Uganda's Controversial Sovereignty Bill: A Balance of Power
Uganda's President Museveni has signed the 'Protection of Sovereignty' bill into law, targeting foreign influence. While critics say it limits political opposition, amendments have been made to ease concerns over the potential impact on remittances and development activities. The law aims to curb foreign intervention in Ugandan policy-making.
In a significant political move, Uganda's President Yoweri Museveni has enacted the 'Protection of Sovereignty' bill, despite receiving criticism from financial entities concerned about potential adverse impacts on remittances and development activities. The new legislation targets foreign influence, placing stringent controls on activities deemed to support foreign interests against Uganda.
While the bill initially faced backlash for its broad language and potential to criminalize political opposition, amendments have been made. The final version softens some provisions, including one requiring Ugandans receiving money from abroad to register as foreign agents.

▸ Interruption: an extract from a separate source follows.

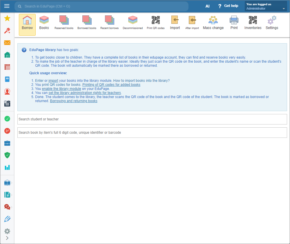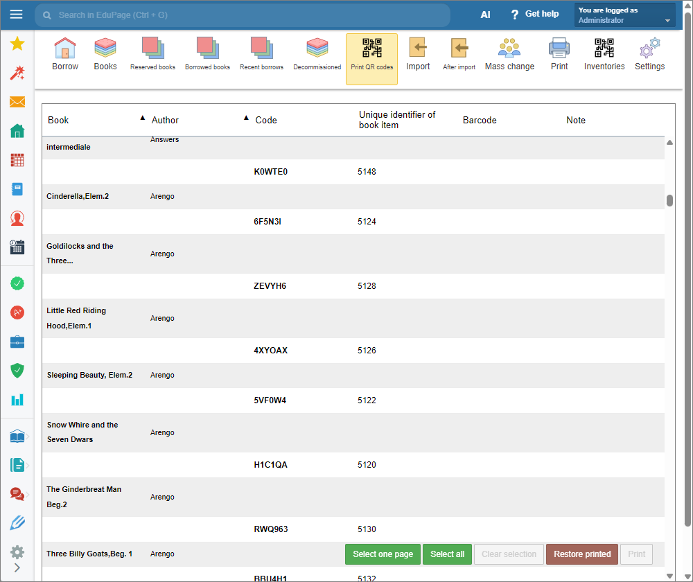 In the “Print QR codes” you can print QR code labels for the books in your library to enable lending and returning books by scanning the code.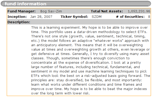 It was only during the bear period that SZDM was able to beat, not only the 3 major indexes, but also the average of "the m100," (the 100 best investors on the site) as represented by the dark-purple line on the above chart. One should note that the m100 is not a fixed group, so survivorship bias applies. The next year m100, should be different than the last year m100. Obviously, some of any out-performance is a matter of sheer luck. This explains how come last year's m100 has performed so badly lately. Those who were riding the commodities/energy bubble have faltered and their record has deteriorated. This is also why Marketocracy keeps emphasizing to its members that they should seek a long-term and stable record as opposed to lucky strikes.

This now applies only to those receiving funds for foreign political agendas.
The enactment has generated mixed reactions. Financial authorities like Central Bank Governor Michael Atingi-Ego previously warned about potential economic repercussions, emphasizing the risk to Uganda's foreign exchange reserves. Meanwhile, major bodies like the World Bank highlighted fears over routine development activities being affected, although they have not yet commented on the amended legislation.